2002

Made a host of new contacts, acquaintances, friends and very good friends. You all know yourselves. I am truly grateful for everything.

Kenyan Music suddenly became a force to reckon with and has scaled from height to height.

Uhuru na Kazi was quickly transformed to Uhuru Hana Kazi.

Eminem silences his critics with the Eminem Show and 8 Mile. Now who's laughing?

Our friend the MP for Sabatia discovered quick smart that when kenyans tell you to stay in Rainbow my son, you do just that, and in very short order. Vice Presidency, Presidency or even Papacy shall not save you from the will of the people.

One Julius Sunkuli, he of the red carpet treatment, was trounced summarily. So was his unimaginative counterpart, one Katana Ngala. Nowadays when I want to sleep in a hurry I decline to count sheep and instead count Katana Ngalas. Bet if the feller read aloud he'd put himself to sleep

If the Neptunes can give Puff Daddy, P Diddy or any other ridiculous name this gent chooses to call himself some rhythm, there is no one they cannot help (but they would have their work cut out with J Lo and Ja Rule). They sure kept my head bobbing

John Harun Mwau discovered that Kenyans are not impressed if you decline to use vehicles and instead opt to use a helicopter to travel everywhere, including to the John. They also don't care if you can electrify a whole village in three days. They don't care if you are a sharp shooter or a blank shooter. If you do not like your bearded person then your bearded person will not go far!

Uhuru Hana Kazi conceded gracefully his defeat. My hats off.

Danny Boy kept his word and relinquished power at the end. Again my hats off!
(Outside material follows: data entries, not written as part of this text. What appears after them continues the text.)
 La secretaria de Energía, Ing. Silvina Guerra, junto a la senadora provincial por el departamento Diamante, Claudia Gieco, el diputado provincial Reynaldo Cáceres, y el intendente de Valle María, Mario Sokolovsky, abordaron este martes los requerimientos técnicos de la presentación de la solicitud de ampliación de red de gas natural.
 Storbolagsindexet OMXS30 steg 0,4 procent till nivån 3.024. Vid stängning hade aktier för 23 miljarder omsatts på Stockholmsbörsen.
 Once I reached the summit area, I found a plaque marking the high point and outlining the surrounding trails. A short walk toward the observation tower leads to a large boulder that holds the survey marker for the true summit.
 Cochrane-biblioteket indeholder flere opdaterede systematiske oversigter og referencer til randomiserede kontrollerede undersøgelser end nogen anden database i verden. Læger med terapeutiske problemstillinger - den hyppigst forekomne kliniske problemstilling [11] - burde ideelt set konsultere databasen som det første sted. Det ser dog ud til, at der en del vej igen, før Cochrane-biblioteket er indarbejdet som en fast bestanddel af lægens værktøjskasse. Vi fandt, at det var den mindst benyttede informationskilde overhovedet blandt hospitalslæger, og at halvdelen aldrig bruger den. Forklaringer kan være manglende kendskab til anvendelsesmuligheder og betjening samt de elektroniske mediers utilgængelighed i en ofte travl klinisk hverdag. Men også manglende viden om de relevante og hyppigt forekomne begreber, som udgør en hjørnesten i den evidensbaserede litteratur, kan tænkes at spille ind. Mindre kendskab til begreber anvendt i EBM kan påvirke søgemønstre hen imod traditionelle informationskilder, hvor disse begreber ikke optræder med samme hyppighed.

Anyone rallying under the KANU banner is having a very rough time being given instructions rather than issuing the same.

Arsenal Mbele! Arsenal Damu! THIS is a soccer club! Go Gunners go!

Osama Bin Laden and his jackass associates again visited our hallowed soils. it speaks volumes of their intelligence and aptitude that they managed to miss a large target like a commercial air liner with heat seeking missiles as the said plane was taking off. But then again some people could not hit the water if they fell off a boat.
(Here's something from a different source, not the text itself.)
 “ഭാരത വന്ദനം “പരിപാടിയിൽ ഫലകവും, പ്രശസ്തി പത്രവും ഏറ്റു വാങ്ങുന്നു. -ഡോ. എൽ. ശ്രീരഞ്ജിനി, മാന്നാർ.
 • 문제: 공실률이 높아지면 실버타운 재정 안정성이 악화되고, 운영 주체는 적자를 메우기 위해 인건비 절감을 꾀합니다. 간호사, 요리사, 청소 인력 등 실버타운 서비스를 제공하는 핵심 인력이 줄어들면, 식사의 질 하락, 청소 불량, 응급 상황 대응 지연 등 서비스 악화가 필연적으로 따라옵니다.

A bunch of swine, who believe soap and showers to be tools of oppression from the white man calling themselves Mungiki reared their ugly heads (and I do mean it literally). A pistol whipping is needed urgently.

Jennifer Lopez released innumerable CD tracks and appeared in innumerable movies, leading to the torture of eardrums worldwide. If they really want Saddam and Kim to give up their weapons programs ship large quantities of her CD and her movies to Iraq and North Korea and they will not only cease the programs, they shall apply for asylum in the US. I cannot stand this good lady and would pay good money NOT to watch or listen to her efforts.

Ja Rule and his ridiculously named Murder Inc also collaborated to release a festival of earsores. (Someone should tell him that Murder Inc does not sound even half as catchy as Death Row.) IRRITATING!

Whatever Mariah Carey smokes or inhales, it has clearly expired and has been expired for quite some time. She should cease and desist!

George Saitoti, Joseph Kamotho and others got a right royal shafting from Danny Boy and his associates, in full daylight! The lunch time firing of Ministers became a normal event.

Extreme suffering under the flooding of the airwaves with nonsensical soap operas that seem to borrow liberally from each other. You cannot spend ten minutes without running into one. In particular I have issues with the South American ones, where the notion of lip-synching has been dismissed as a foreign and unnecessary concept

The Jay-Z- Nas feud nonsense was a poor attempt at converting the rap music industry into a two bob episode of Ploti Ten. Eclipsed solely by the Ja Rule feud. HA HA!!

Cam'ron's Oh Boy takes the biscuit as the most irritating attempt at music I have ever heard. The less said about this annoying 'hit' the better!

The only thing that Unites Manchester United is a festival of unadulterated bullsh!t. The less said about this club the better!